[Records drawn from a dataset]
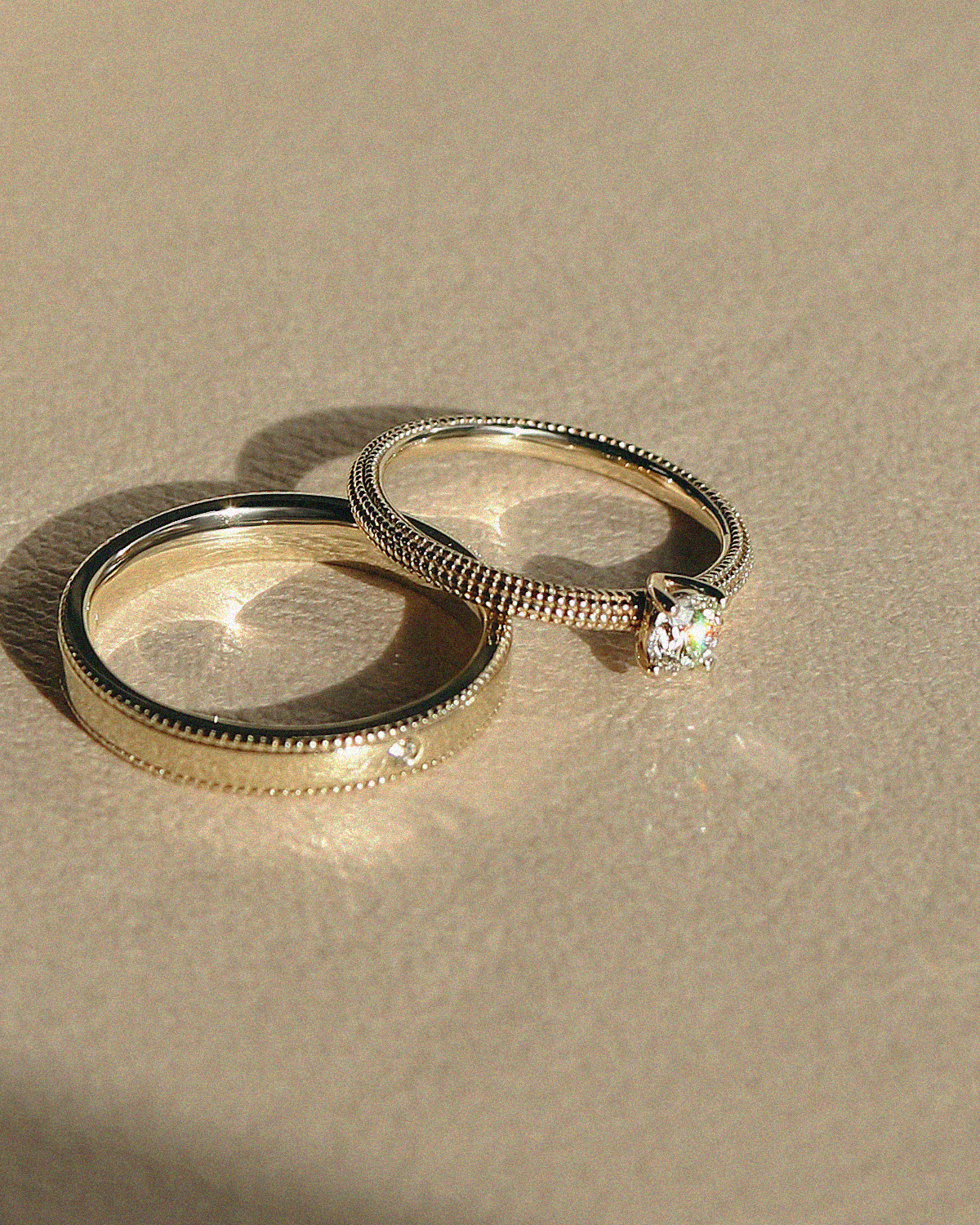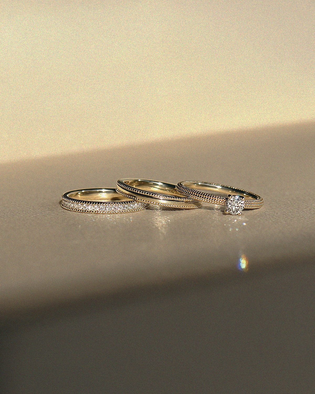 ‘천 개의 알갱이’라는 뜻을 지닌 정통 밀그레인 기법을 활용해, 클래식한 감성과 함께 특별한 꽃길의 의미를 담아냈습니다. 견고하면서도 따뜻한 디테일이 어우러져, 우아하면서도 강인한 아름다움을 선사합니다.
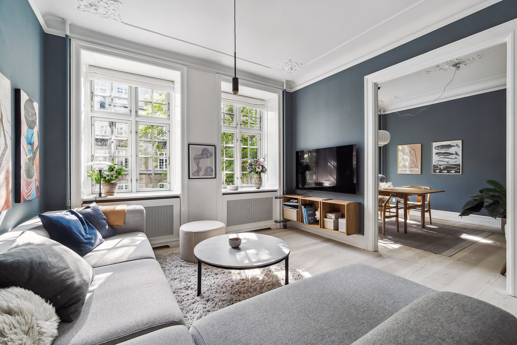 Således får dansk design og snedkererede møbler følgeskab af plankegulve og romantisk stukkatur, mens altanen kalder på en solrig stund efter en lang dag på kontoret. Med to stuer og et soveværelse er der plads til nærmest alle former for boligdrømme her midt i byen, hvor I bor tilbagetrukket på en fredfyldt, blind vej nær alt, hvad hjertet kan begære.
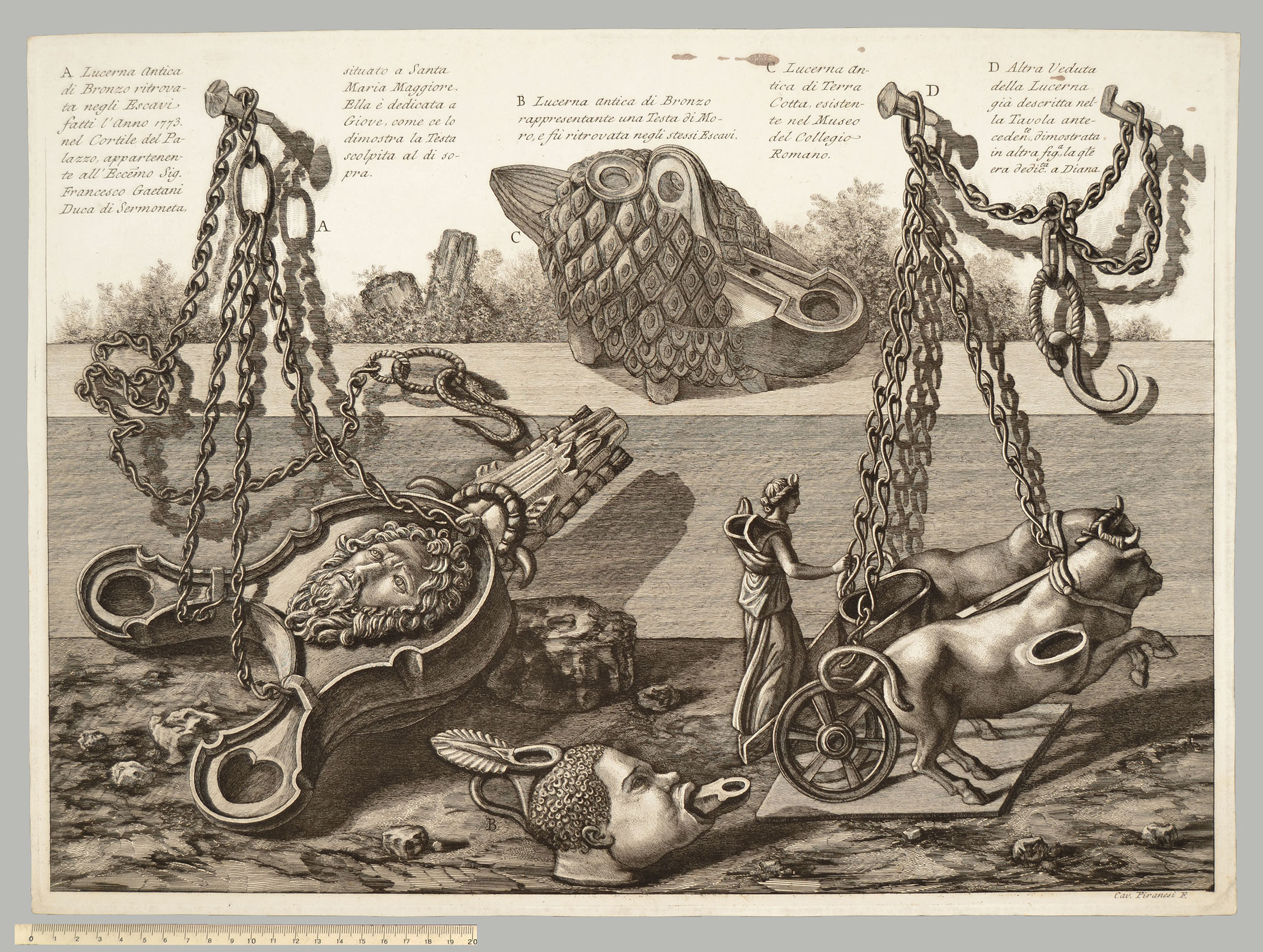 Etching, signed in the plate lower right Cav. Piranesi F., from Vasi Candelabri Cippi Sarcofagi Tripodi Lucerne Ed Ornamenti Antichi Disegn Ed Inc Dal Cav Gio Batta Piranesi Pubblicati l'anno MDCCLXXIIX. A very good impression, printed on paper with watermark Fleur-de-lys in a double circle. Small, even margins. Minor stains at the top, in very good condition. To the platemark 385 x 534 mm.
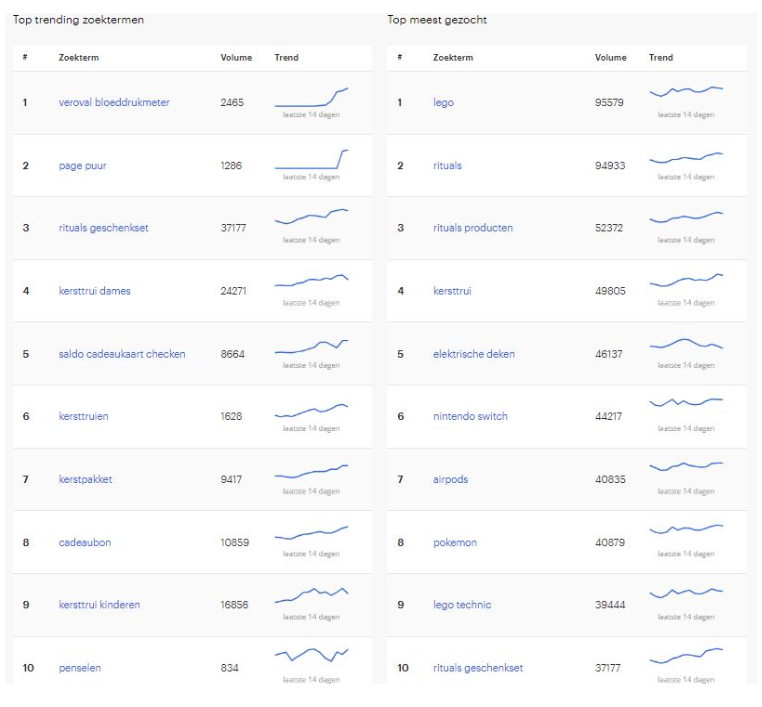 Links zie je zoekwoorden die op dit moment trending zijn. Hier kun je als verkoper makkelijk op inspelen, aangezien er nog niet veel aanbieders van deze producten zullen zijn. Rechts zie je de meeste gezochte items. Woorden rondom Rituals en lego staan eigenlijk altijd wel in de top-10. Afhankelijk van het seizoen, kom je hier ook andere product(groep)en tegen.
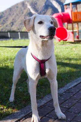 JOY, incrocio Labrador, adottata quando aveva 3 mesi ora ne ha 9, taglia media, dolcezza e bellezza infinita.
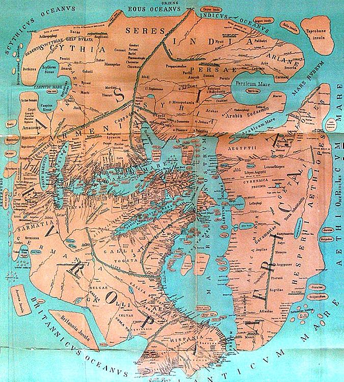 1ος αιώνας μ.Χ. Κι εκεί που τα πράγματα φαίνονταν να μπαίνουν σε μια σειρά στο μυαλό των χαρτογράφων, να μια παράξενη αποτύπωση του ρωμαίου γεωγράφου Πομπόνιου, ο οποίος διαίρεσε την Γη σε πέντε ζώνες, εκ των οποίων μόνο οι δύο θεωρούνταν κατοικίσιμες. Θεώρησε επίσης όλες τις θάλασσες… συγκοινωνούντα δοχεία, από την Κασπία ως την Ερυθρά Θάλασσα και από τον Περσικό Κόλπο ως τον Βόρειο Ωκεανό.
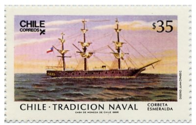 Visibility: public Image owner: none postage 5/30/1986 35p multi dt=historic ships of the Chilean Navy unwmk perf=13.25 Crops No visible images cropped from this one. Measurements Resolution is unknown. Source Source name: Colnect File URL: http://i.colnect.net/b/666/419/Corbeta-Esmeralda-1856.jpg Uploaded September 5, 2014, 8:57 pm by Stan Shebs |

**Problem to solve**
Provide the lines again, unchanged, from where the data above begins through the line containing "Etching, signed in", both ends included, omitting pictures and adding nothing.

**Reply to the task**
 ‘천 개의 알갱이’라는 뜻을 지닌 정통 밀그레인 기법을 활용해, 클래식한 감성과 함께 특별한 꽃길의 의미를 담아냈습니다. 견고하면서도 따뜻한 디테일이 어우러져, 우아하면서도 강인한 아름다움을 선사합니다.
 Således får dansk design og snedkererede møbler følgeskab af plankegulve og romantisk stukkatur, mens altanen kalder på en solrig stund efter en lang dag på kontoret. Med to stuer og et soveværelse er der plads til nærmest alle former for boligdrømme her midt i byen, hvor I bor tilbagetrukket på en fredfyldt, blind vej nær alt, hvad hjertet kan begære.
 Etching, signed in the plate lower right Cav. Piranesi F., from Vasi Candelabri Cippi Sarcofagi Tripodi Lucerne Ed Ornamenti Antichi Disegn Ed Inc Dal Cav Gio Batta Piranesi Pubblicati l'anno MDCCLXXIIX. A very good impression, printed on paper with watermark Fleur-de-lys in a double circle. Small, even margins. Minor stains at the top, in very good condition. To the platemark 385 x 534 mm.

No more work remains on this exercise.